Fixing the Japanese keyword hack

This guide is created specifically for a type of hack that creates autogenerated Japanese text to your site which we’ll refer to as the Japanese kewyord hack. It’s designed for users of popular Content Management Systems (CMSs), but you’ll find this guide useful even if you don’t use a CMS.

Note: Unsure whether or not your site is hacked? Start by reading our how to check if your site is hacked guide.

Table of contents

Identifying this type of hack

The Japanese keywords hack typically creates new pages with autogenerated Japanese text on your site in randomly generated directory names (for instance, http://example.com/ltjmnjp/341.html). These pages are monetized using affiliate links to stores selling fake brand merchandise and then shown in Google search. Here’s an example of what one of these pages look like:

With this type of hack, the hacker will typically add themselves as a property owner in Search Console, in order to increase profits by manipulating your site’s settings like geotargeting or sitemaps. If you’ve received a notification that someone you don’t know has verified your site in Search Console, there’s a strong possibility that your site has been hacked.
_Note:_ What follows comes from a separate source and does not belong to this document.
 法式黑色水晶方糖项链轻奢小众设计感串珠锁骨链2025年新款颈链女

Start by check the Security Issues tool in Search Console to see if Google has discovered any of these hacked pages on your site. You can also uncover pages like this by opening Google Search and searching for site:[your site root URL]. This will show you the pages that Google has indexed for your site, including the hacked pages. Flip through a couple of pages of search results to see if you spot any unusual URLs. If you don’t see any hacked content in Google Search, use the same search terms with a different search engine. Other search engines might show hacked content that Google has removed from the index. An example of what that would look like is below.
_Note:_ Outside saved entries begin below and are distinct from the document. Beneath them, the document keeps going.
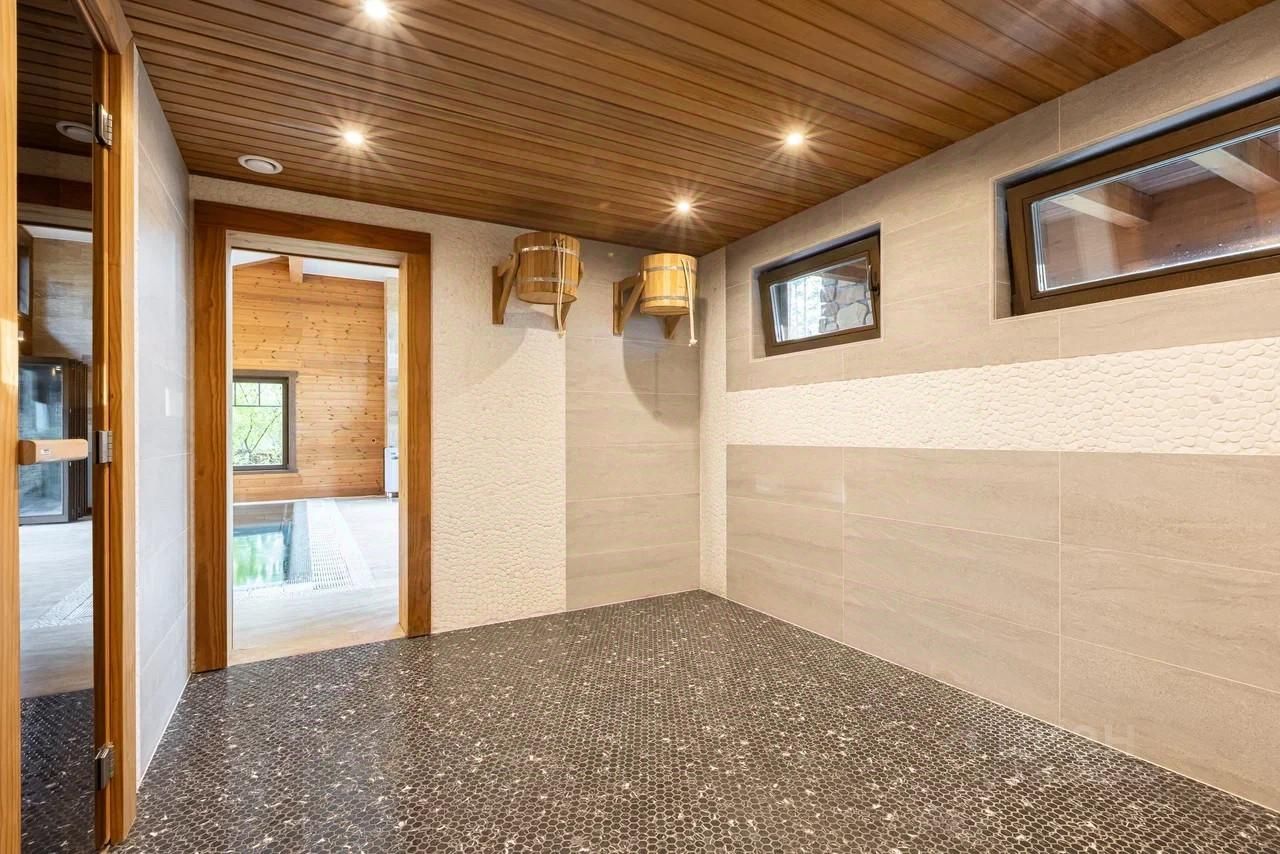 Участок 25 соток, на котором располагаются два дома: основной и гостевой, который включает спа зону и выход на террасу.
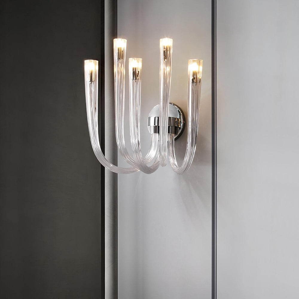 Create the perfect atmosphere for any setting with this sleek, contemporary wall sconce from Morsale. Crafted from designer glass, this wall sconce is a modern-day classic that adds sophistication and style to your space. The pristine glasswork accentuates any wall with a warm, glowing ambiance. The Candela Designer Glass Wall Sconce adds a touch of elegance to any room and the perfect balance of a contemporary-classic vibe. Embrace the beauty of modern design with this captivating and stylish wall sconce.
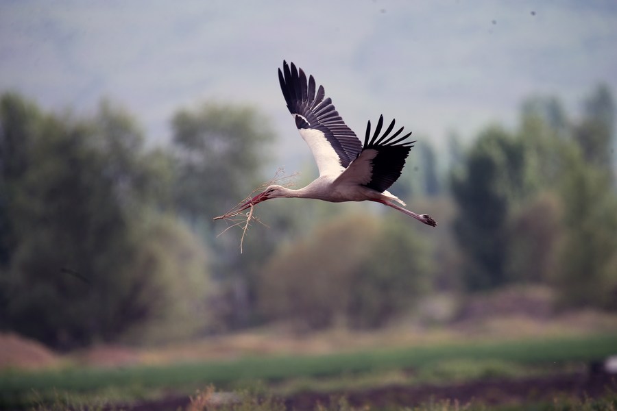 Foto tirada no dia 12 de maio de 2021 mostra uma cegonha no Santuário de Pássaros Nallihan em Ancara, Turquia. (Foto por Mustafa Kaya/Xinhua)
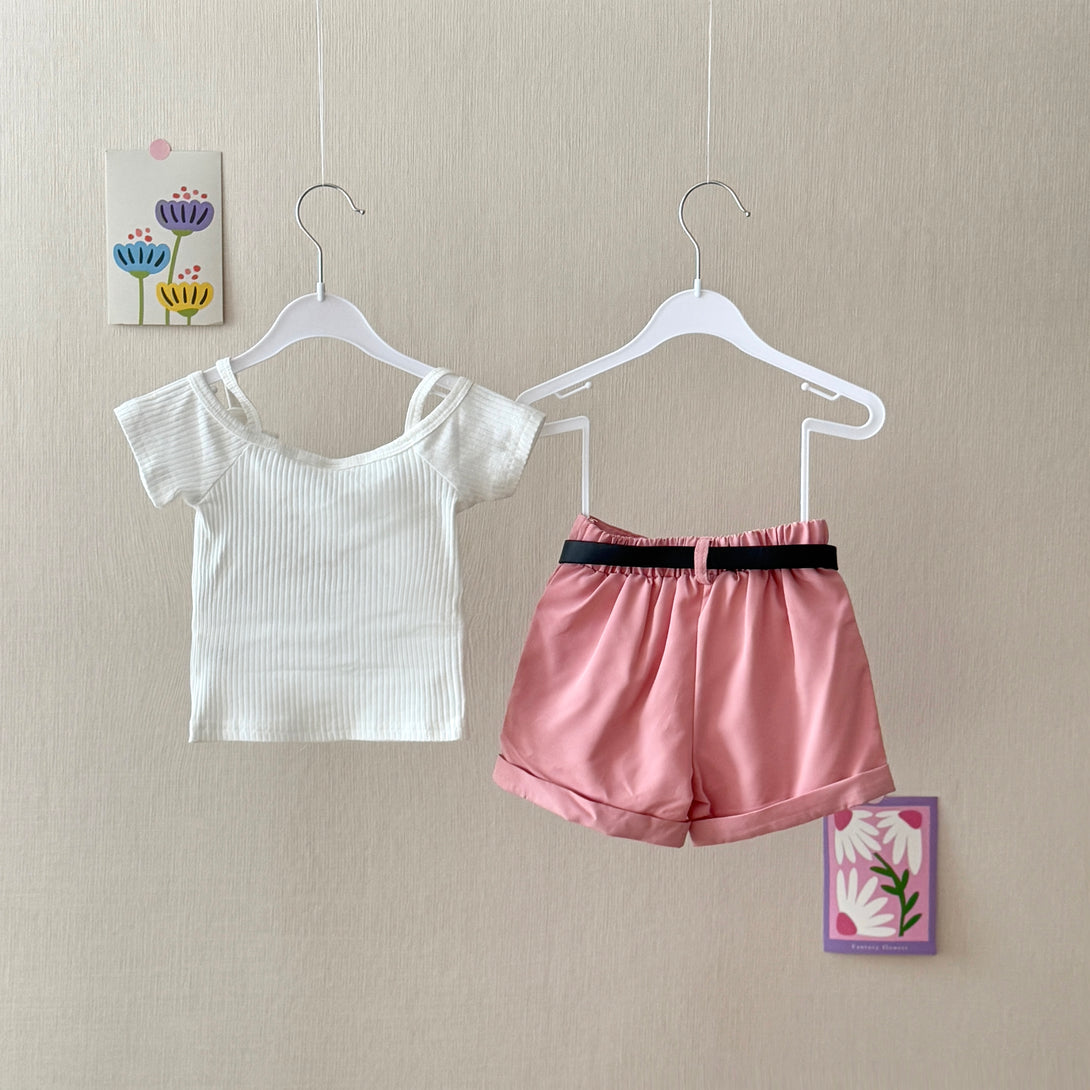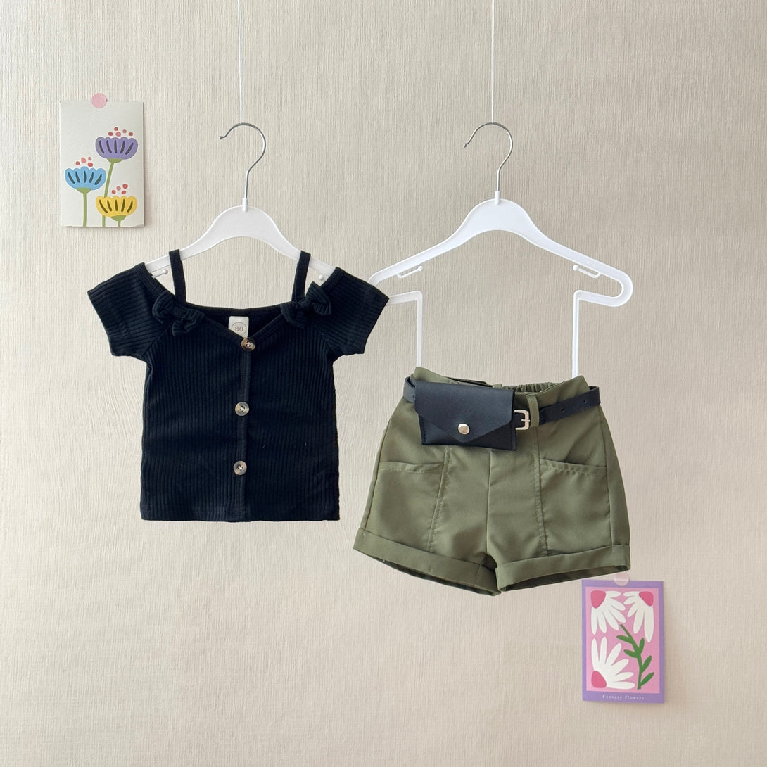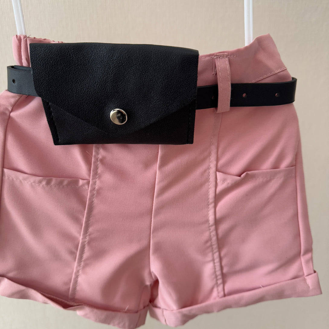 El top con hombros descubiertos presenta una textura acanalada y encantadores detalles de lazos en los hombros, con dos botones dorados en la parte delantera que le dan un toque de elegancia. Los shorts rosas tienen el bajo enrollado y múltiples bolsillos, lo que les da un toque práctico. Combinados con un cinturón negro y una pequeña riñonera, le dan un aspecto elegante y moderno. El top probablemente esté hecho de algodón suave para mayor comodidad, y los shorts parecen estar confeccionados con una resistente mezcla de algodón, ideal para un día divertido y para mantener a los pequeños a la moda.

Notice that the search results here contain many pages not created by the site owner. If you look closely at the descriptions, you’ll see examples of the Japanese text that this hack creates.
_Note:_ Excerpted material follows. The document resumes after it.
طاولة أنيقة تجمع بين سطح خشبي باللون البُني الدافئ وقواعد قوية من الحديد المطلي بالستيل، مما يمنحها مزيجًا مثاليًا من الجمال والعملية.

When you visit a hacked page, you might see a message suggesting that the page does not exist (for example, a 404 error). Don’t be fooled! Hackers will try to trick you into thinking your site is fixed by making you believe the hacked pages are gone or fixed. They do this by cloaking content. Check for cloaking by entering your site’s URLs in Search Console’s Fetch as Google tool. The Fetch as Google tool allows you to see the underlying hidden content.

Fixing the hack

Before you start, make an offline copy of any files before you remove them, in case you need to restore them later. Better yet, back up your entire site before you start the cleanup process. You can do this by saving all the files that are on your server to a location off your server or searching for the best backup options for your particular Content Management System (CMS). If you’re using a CMS, you should back up the database as well.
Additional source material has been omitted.